Please return all records verbatim, no pictures.

**DATA RECORDS**:
-*-*-
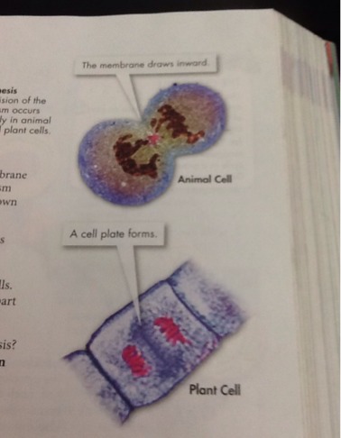 Cytokinesis divides the cytoplasm. In animal cells one cells forms too two. In plant cells a cell plate forms so each membrane formed has its own nucleus and organelles.
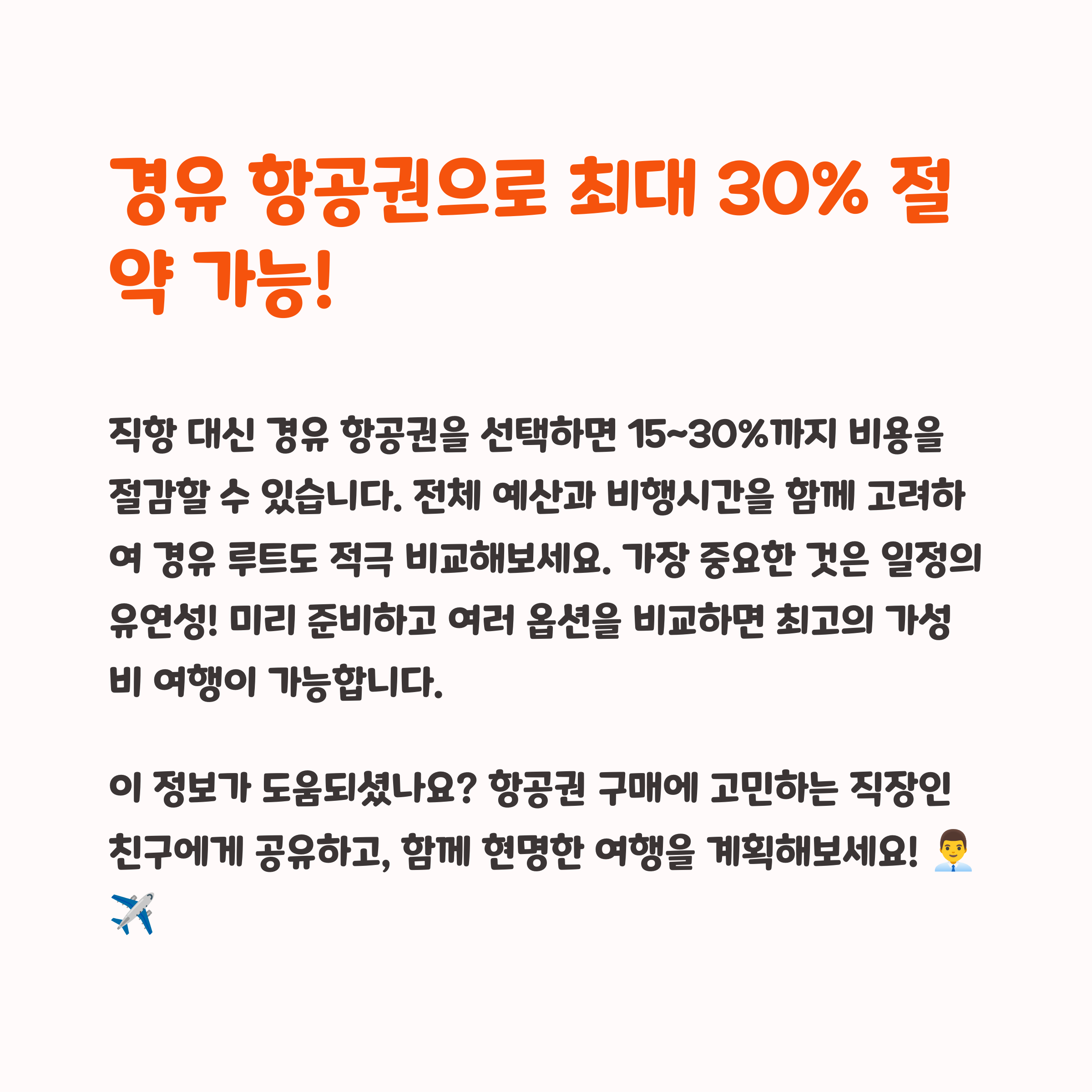 직항보다 가격이 훨씬 저렴할 수 있고, 일정에 여유가 있다면 경유형 LCC 루트도 알차게 이용할 수 있습니다.
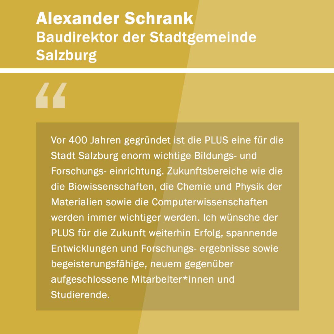 - Hier finden Sie die lange Grußbotschaft von Alexander Schrank, Baudirektor der Stadtgemeinde Salzburg.
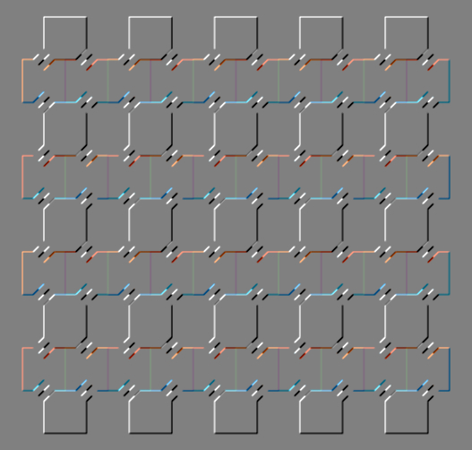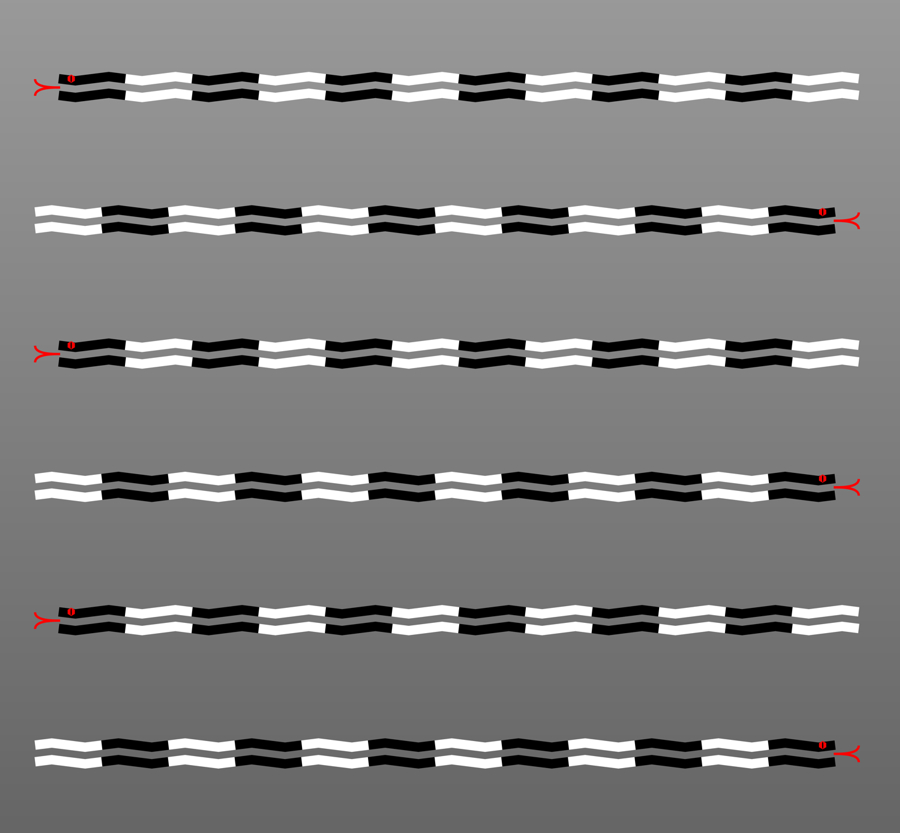 Blocks of wavy lines are aligned horizontally, but the uppermost, third and fifth blocks appear to tilt counterclockwise whereas the rest clockwise.
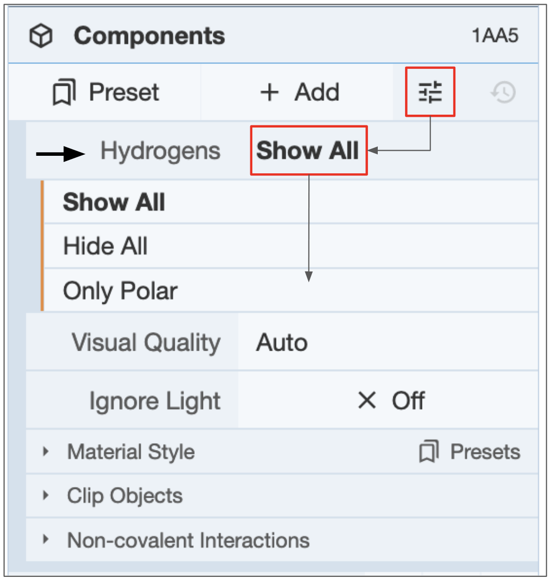 In order to show any non-covalent interactions, the components’ representations need to be adjusted by clicking on the options under the button next to Add in the Components Panel. Once the options button is clicked, a drop-down menu will show the various menus, including one with options for displaying and hiding hydrogens. Click on the Show All (default) options to select the other options e.g., "Hide All" and "Only Polar" hydrogens.
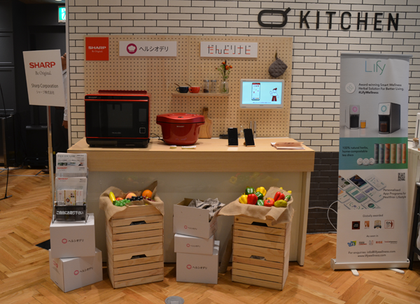 講演会場に併設された展示ブースでは、様々な企業や団体が食に関する最新の製品やサービス、コンセプトなどを出展。当社は、複数の料理の調理手順をわかりやすく教えてくれる「だんどりナビ」サービスのプロトタイプと、料理キット宅配サービス「ヘルシオデリ」などを展示しました。
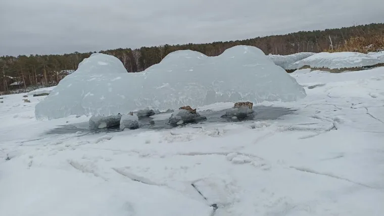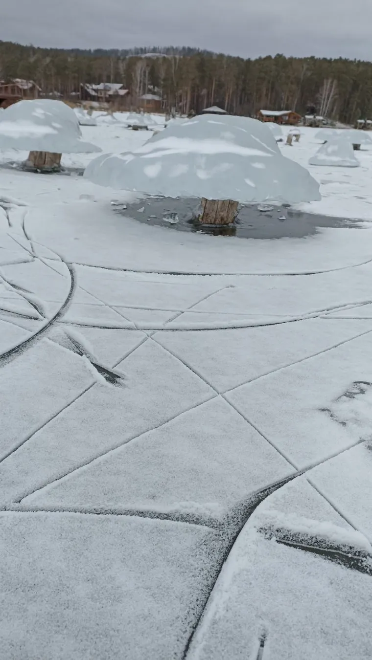 На озере Тургояк (Челябинская область) «выросли» ледяные грибы. Фото необычного явления опубликовали в социальных сетях.
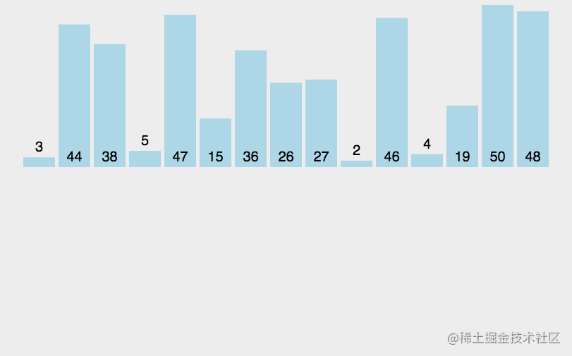 34.      arr[i] = x; // 将空出的位置,填入缓存的数字x,一轮排序完成
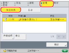 取消所选的作业。选择了一项作业时,会显示[停止]。按[停止]→[是]取消作业。
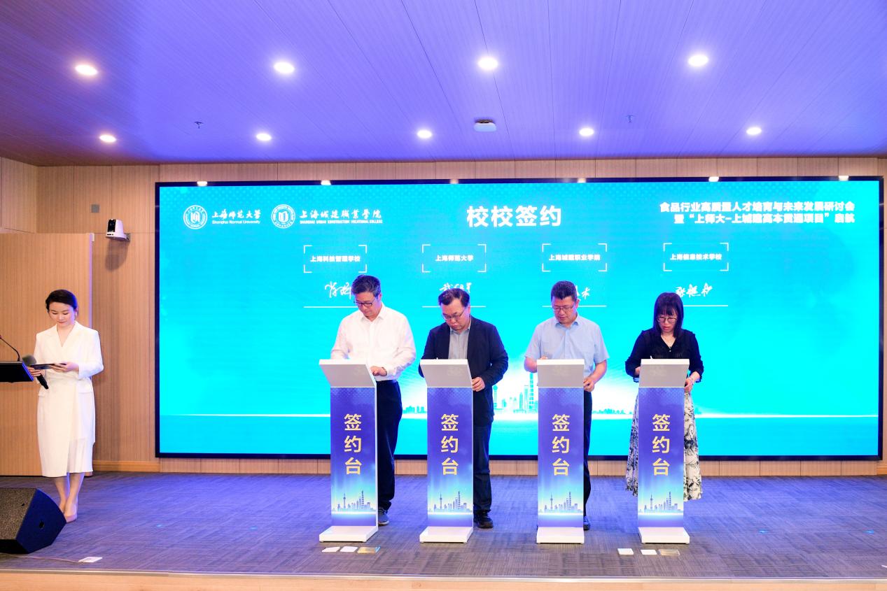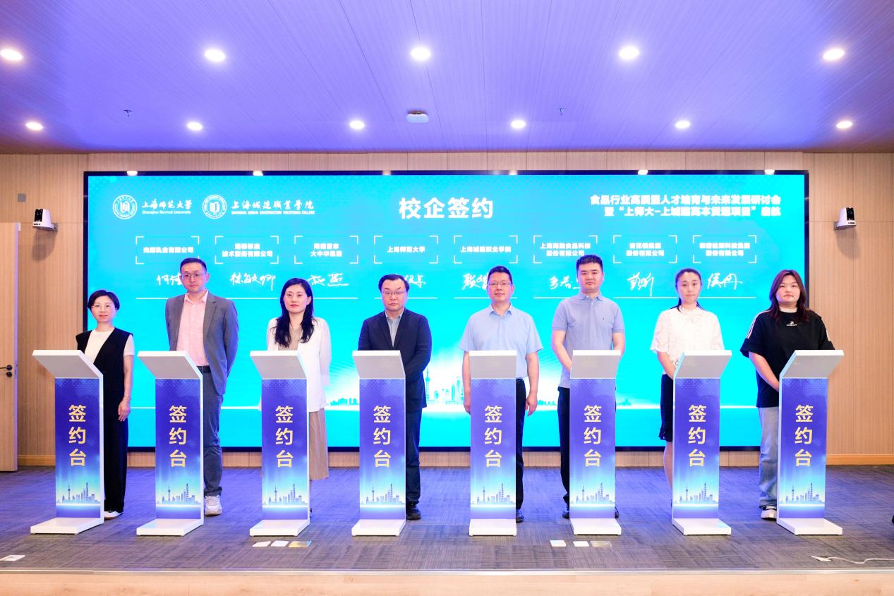 會上,上海師大生命科學學院與上海城建職業學院食品與旅游學院等單位共同簽署全方位合作框架協議。同時,與光明乳業、SGS通標標準技術服務有限公司、TüV南德意志集團(大中華區)、海融食品科技、杏花樓集團和微譜檢測科技集團等行業領軍企業簽署校企合作協議,共建“實訓-實習-就業”食品行業人才培養的一體化平臺。
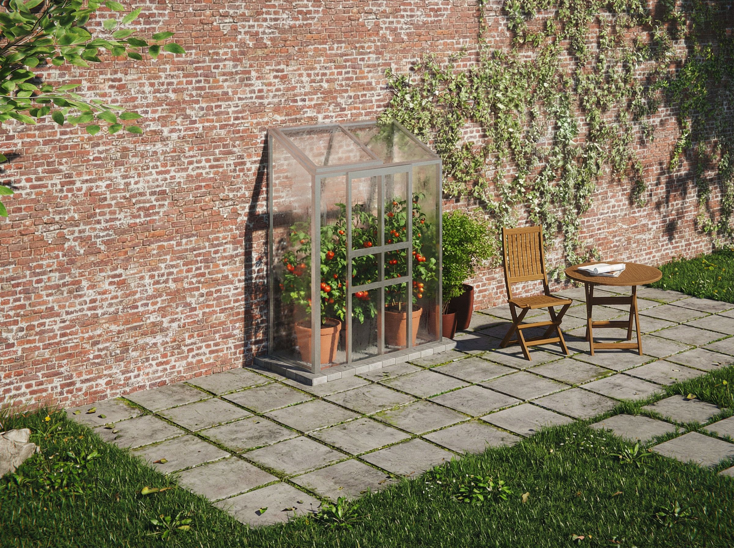 Can you optimize this visualization of a greenhouse so that it looks more realistic - both inside av the sorroundings? I would like to have a couple of terracotta pots with tomato plants inside the greenhouse - not too many. Optimize and makes the whole thing more realistic. , keep exact camera angle
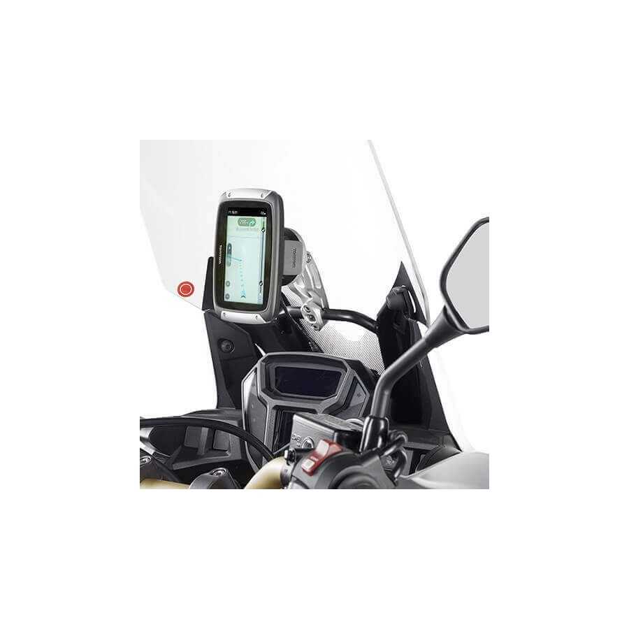Universal anodized aluminium support for STTR40SM, SGZ39SM, S952B, S953B, S954B, S955B, S956B, S957B to be mounted onto steel tubes with a diameter of between 11.5mm and 14 mm. To be mounted on motorbikes with a cross piece located behind the windshield with a diameter between 11.5mm and 14mm
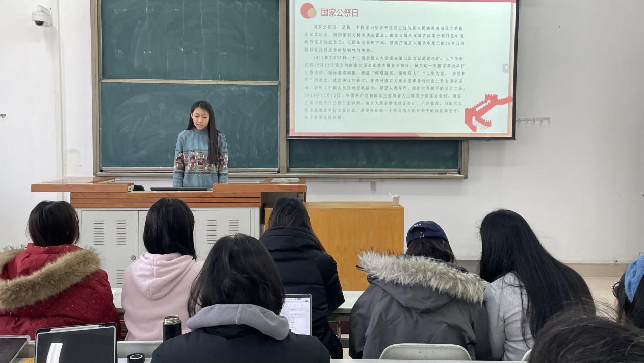 张楚研同学首先通过PPT形式领学了南京大屠杀的历史和国家公祭日的来由,带领大家仔细研读了两篇关于南京大屠杀死难者国家公祭日的报道,帮助同学们深化对历史的认识,引导大家从历史中汲取奋进力量,进一步筑牢信仰之基。
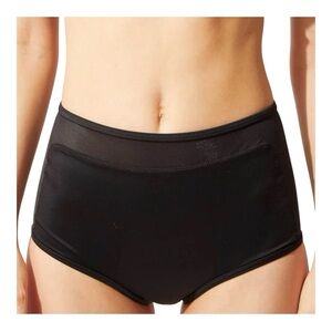 These bottoms are perfect for those who prefer a fuller coverage. This form-fitting silhouette with mesh detailing hits right at the belly button while providing a flattering shape for all body types.
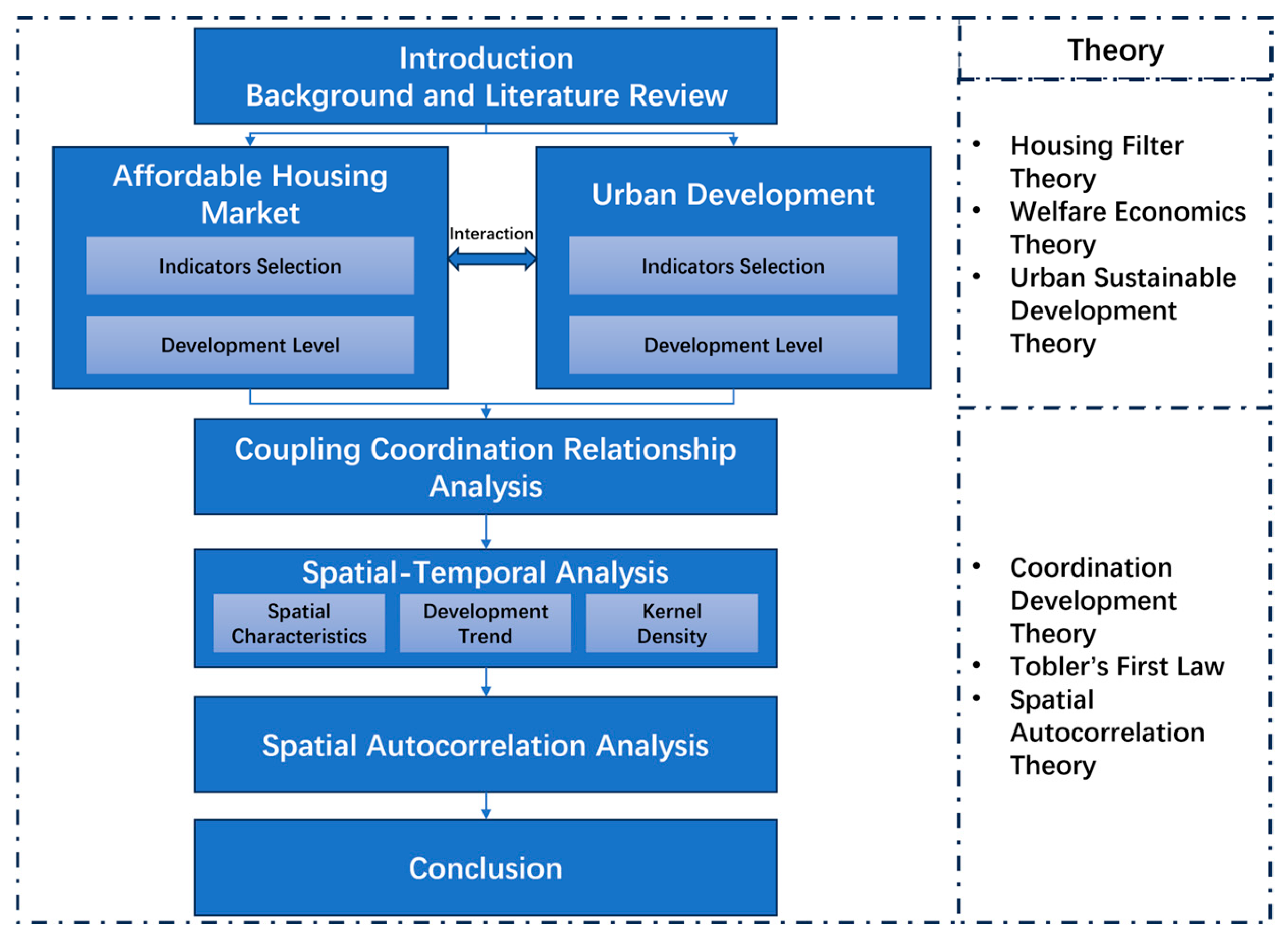 In this section, the research framework, the evaluation method of affordable housing market and urban development, coupling coordination degree model, and the research scope and data sources selected in this study are introduced.
-*-*-
**FINISHED EXERCISE**:
 Cytokinesis divides the cytoplasm. In animal cells one cells forms too two. In plant cells a cell plate forms so each membrane formed has its own nucleus and organelles.
 직항보다 가격이 훨씬 저렴할 수 있고, 일정에 여유가 있다면 경유형 LCC 루트도 알차게 이용할 수 있습니다.
 - Hier finden Sie die lange Grußbotschaft von Alexander Schrank, Baudirektor der Stadtgemeinde Salzburg.
 Blocks of wavy lines are aligned horizontally, but the uppermost, third and fifth blocks appear to tilt counterclockwise whereas the rest clockwise.
 In order to show any non-covalent interactions, the components’ representations need to be adjusted by clicking on the options under the button next to Add in the Components Panel. Once the options button is clicked, a drop-down menu will show the various menus, including one with options for displaying and hiding hydrogens. Click on the Show All (default) options to select the other options e.g., "Hide All" and "Only Polar" hydrogens.
 講演会場に併設された展示ブースでは、様々な企業や団体が食に関する最新の製品やサービス、コンセプトなどを出展。当社は、複数の料理の調理手順をわかりやすく教えてくれる「だんどりナビ」サービスのプロトタイプと、料理キット宅配サービス「ヘルシオデリ」などを展示しました。
 На озере Тургояк (Челябинская область) «выросли» ледяные грибы. Фото необычного явления опубликовали в социальных сетях.
 34.      arr[i] = x; // 将空出的位置,填入缓存的数字x,一轮排序完成
 取消所选的作业。选择了一项作业时,会显示[停止]。按[停止]→[是]取消作业。
 會上,上海師大生命科學學院與上海城建職業學院食品與旅游學院等單位共同簽署全方位合作框架協議。同時,與光明乳業、SGS通標標準技術服務有限公司、TüV南德意志集團(大中華區)、海融食品科技、杏花樓集團和微譜檢測科技集團等行業領軍企業簽署校企合作協議,共建“實訓-實習-就業”食品行業人才培養的一體化平臺。
 Can you optimize this visualization of a greenhouse so that it looks more realistic - both inside av the sorroundings? I would like to have a couple of terracotta pots with tomato plants inside the greenhouse - not too many. Optimize and makes the whole thing more realistic. , keep exact camera angle
Universal anodized aluminium support for STTR40SM, SGZ39SM, S952B, S953B, S954B, S955B, S956B, S957B to be mounted onto steel tubes with a diameter of between 11.5mm and 14 mm. To be mounted on motorbikes with a cross piece located behind the windshield with a diameter between 11.5mm and 14mm
 张楚研同学首先通过PPT形式领学了南京大屠杀的历史和国家公祭日的来由,带领大家仔细研读了两篇关于南京大屠杀死难者国家公祭日的报道,帮助同学们深化对历史的认识,引导大家从历史中汲取奋进力量,进一步筑牢信仰之基。
 These bottoms are perfect for those who prefer a fuller coverage. This form-fitting silhouette with mesh detailing hits right at the belly button while providing a flattering shape for all body types.
 In this section, the research framework, the evaluation method of affordable housing market and urban development, coupling coordination degree model, and the research scope and data sources selected in this study are introduced.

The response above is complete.